What is being asked:
An exact transcription is needed of the lines below from the one with "Rúa do Carme, s/n" through the one with "Slika 2. Escherichia coli (Izvor: autor)", with no other lines and no pictures.

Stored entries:

+ + + +

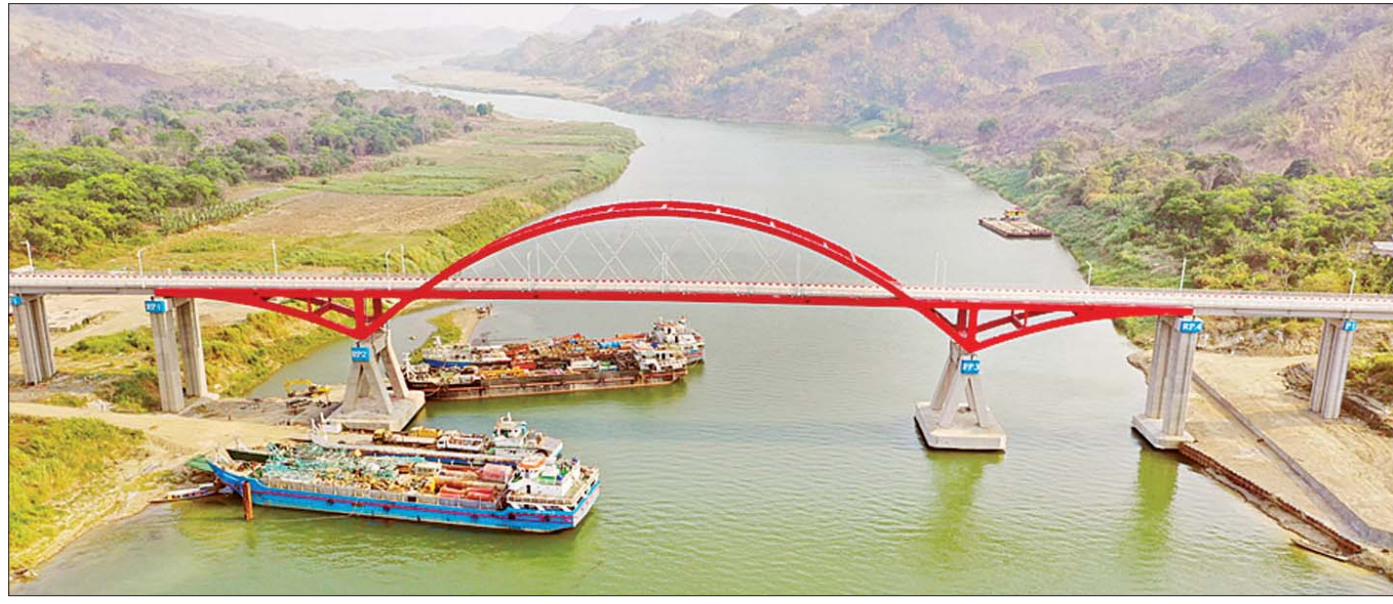
မတူပီ - ပလက်ဝလမ်းပေါ်ရှိ ပလက်ဝတံတား။

“တံတားဦးစီးဌာနအနေဖြင့် ၂၀၁၆ - ၂၀၁၇ ဘဏ္ဍာနှစ်တွင် ပေ ၁၈၀ နှင့် အထက်တံတား ၃၇ စင်း၊ ပေ ၁၈၀ အောက်တံတား ၁၁၂ စင်း၊ ၂၀၁၇ - ၂၀၁၈ ဘဏ္ဍာနှစ်တွင် ပေ ၁၈၀ နှင့် အထက်တံတား ၃၅ စင်းနှင့် ပေ ၁၈၀ အောက်တံတား ၈၉ စင်း၊ ၂၀၁၈ ခုနှစ် ဧပြီလမှ စက်တင်ဘာလအထိ မြောက်လဘတ်ဂျက်တွင် ပေ ၁၈၀ နှင့် အထက်တံတား ၁၃ စင်းနှင့် ပေ ၁၈၀ အောက်တံတား ၂၃ စင်း၊ ၂၀၁၈-၂၀၁၉ ဘဏ္ဍာနှစ်တွင် ပေ ၁၈၀ နှင့် အထက် တံတား ၃၅ စင်းနှင့် ပေ ၁၈၀ အောက်တံတား ၇၇ စင်းတို့ကို တည်ဆောက်ခဲ့”
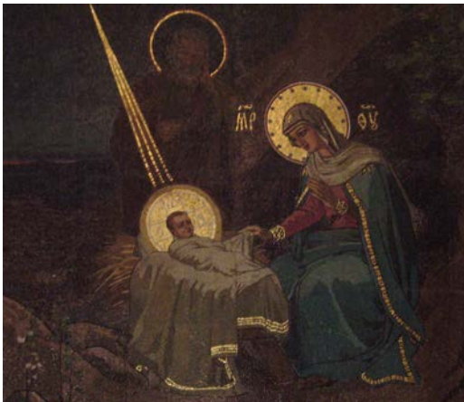
Geburt Christi Ikone in der „Erlöserkirche auf dem Blute“ in St. Petersburg

Ich selbst bin erst am 10.9. mit meiner Familie nach Kaufbeuren gezogen. Seit August 2013 war ich aber in der Flüchtlingshilfe in der Bayernkaserne tätig (zum damaligen Zeitpunkt eine der beiden Erstaufnahmen in Bayern). Zunächst arbeitete ich ehrenamtlich in der Kleiderkammer, die von der nahe gelegenen Hoffnungskirche eingerichtet worden war, später wechselte ich in die Beratung für Schwangere und junge Mütter. Ursprünglich hatte ich Vor- und Frühgeschichte studiert, wovon vor allem das große Interesse an den verschiedenen Kulturen geblieben ist. Bei meiner jetzigen Tätigkeit beobachte ich gespannt, wie der weitere Weg der Asylsuchenden aussieht, nachdem ich sie jahrelang nur bei ihren ersten Schritten in Deutschland beobachten konnte. Wieviel mehr menschliche Wärme umfängt sie doch hier in Kaufbeuren! Zum Teil sind hier echte Freundschaften entstanden - und wieviel Trauer herrscht dann, wenn diese Freunde nicht in Deutschland bleiben dürfen. In der kurzen Zeit konnte ich erst ein paar Einblicke gewinnen, aber das Wenige zeigt: hier herrscht echte Menschlichkeit!
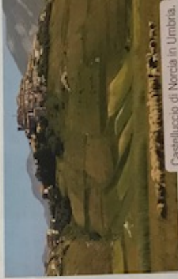
Castelluccio di Norcia in Umbria.

In queste regioni sono molte le testimonianze architettoniche di un passato ricco di storia , avendo visto la nascita e lo sviluppo della civiltà romana che per lunghi secoli ha dominato su un territorio vastissimo. Durante il Medioevo e il Rinascimento, sono sorti Comuni e Stati indipendenti. A questo periodo risalgono capolavori artistici che ritroviamo ancora oggi in questa parte d'Italia.
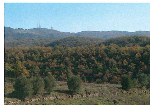
Il Comprensorio del Peglia, dopo una complessa istruttoria, è stato prescelto quale candidatura della Repubblica italiana per l'anno 2017, insieme alla Valle Camonica, a divenire Riserva mondiale della Biodiversità MAB Unesco
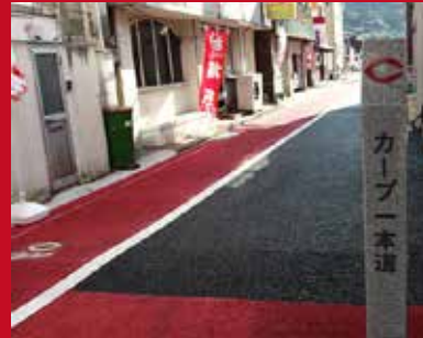
油津商店街から天福球場まで続く 「カープ一本道」
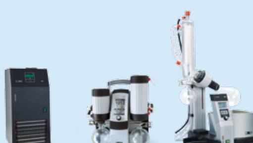
C 900 SC 920 RC 600
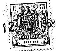
FIG 1 1409/3
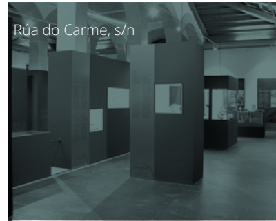
Rúa do Carme, s/n
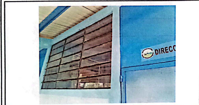
Vista de la ventana de la dirección sin Balcon.
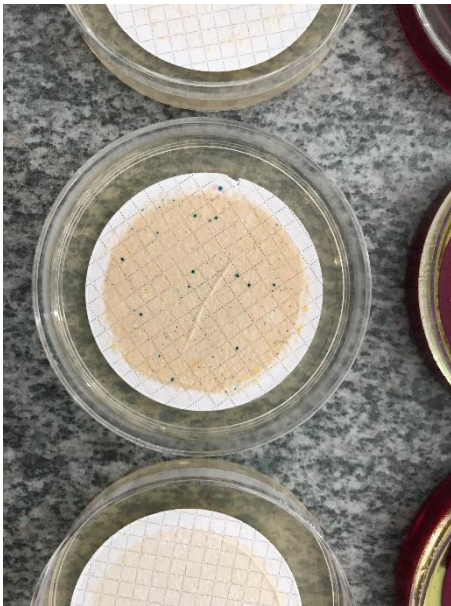
Slika 2. Escherichia coli (Izvor: autor)

Pomoću oksidaza testa utvrđuju se jesu li nastale bakterije E. Coli ili koliformne bakterije. Za utvrđivanje je potrebno ispitati 10 ružičasto do crvenih kolonija na način da se sterilnom ezom prenesu kolonije na papirnati dio oksidaza testa. Pozitivna reakcija očituje se pojavom plavo ljubičaste boje nakon 30 sekundi. Koliformne bakterije su oksidaza negativne (Arhiva Zavoda za javno zdravstvo Požeško-slavonske županije).
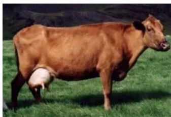
Móðir : Fluga 0254
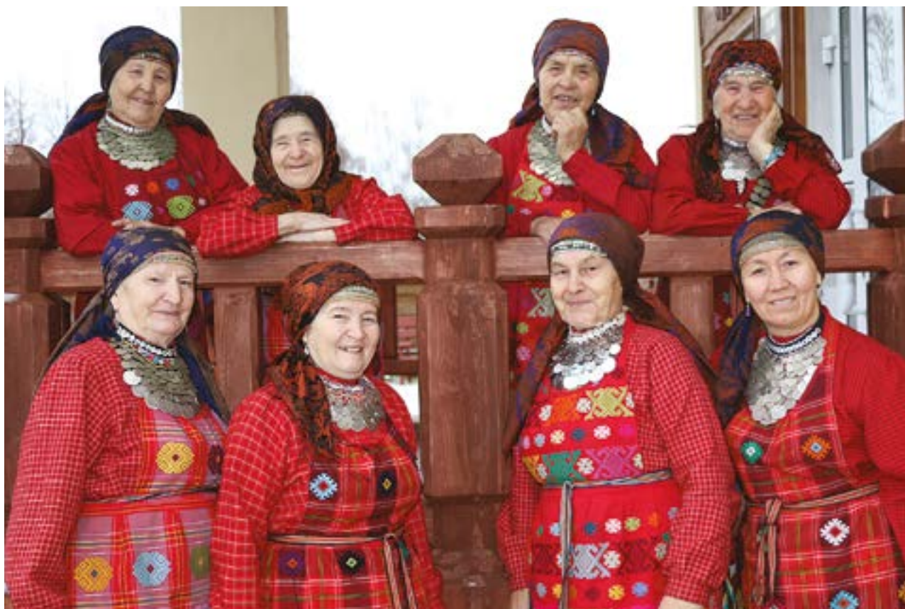
Коллектив «Бабушки из Бураново»

дения культуры, сохраняющие память народа. В Удмуртии среди них система Центров и Домов ремёсел. Так возникает точка пересечения между производством сувениров и процессом формирования ценностей терр. Культ. брендами могут стать редкие сохраненные и возрождённые технологии ДПИ в местах их традиц. бытования, т.к. они неотрывны от всего комплекса нематер. и матер. культуры терр. Узорное ручное ткач-во вполне может претендовать на звание «культурного бренда Удмуртии». Его уник. в масштабе Волго-Уральского региона и России в значит. разнообразии технол. приёмов и локальных традиций, при сохранении нац. узнаваемости, общности худ. строя изделий. Эти качества заложены географией региона на пересечении славянского, фин.-угор., тюркского миров, отзывчивостью к культуре соседних народов, устойчивостью традиций в силу консервативности жизненного уклада дерев. нас., усилиями органов культуры по сохранению и развитию традиц. ДПИ и ремёсел в 1990–2010-е. Узорное ткач-во востребовано современ-

+ + + +

Response:
Rúa do Carme, s/n
Vista de la ventana de la dirección sin Balcon.
Slika 2. Escherichia coli (Izvor: autor)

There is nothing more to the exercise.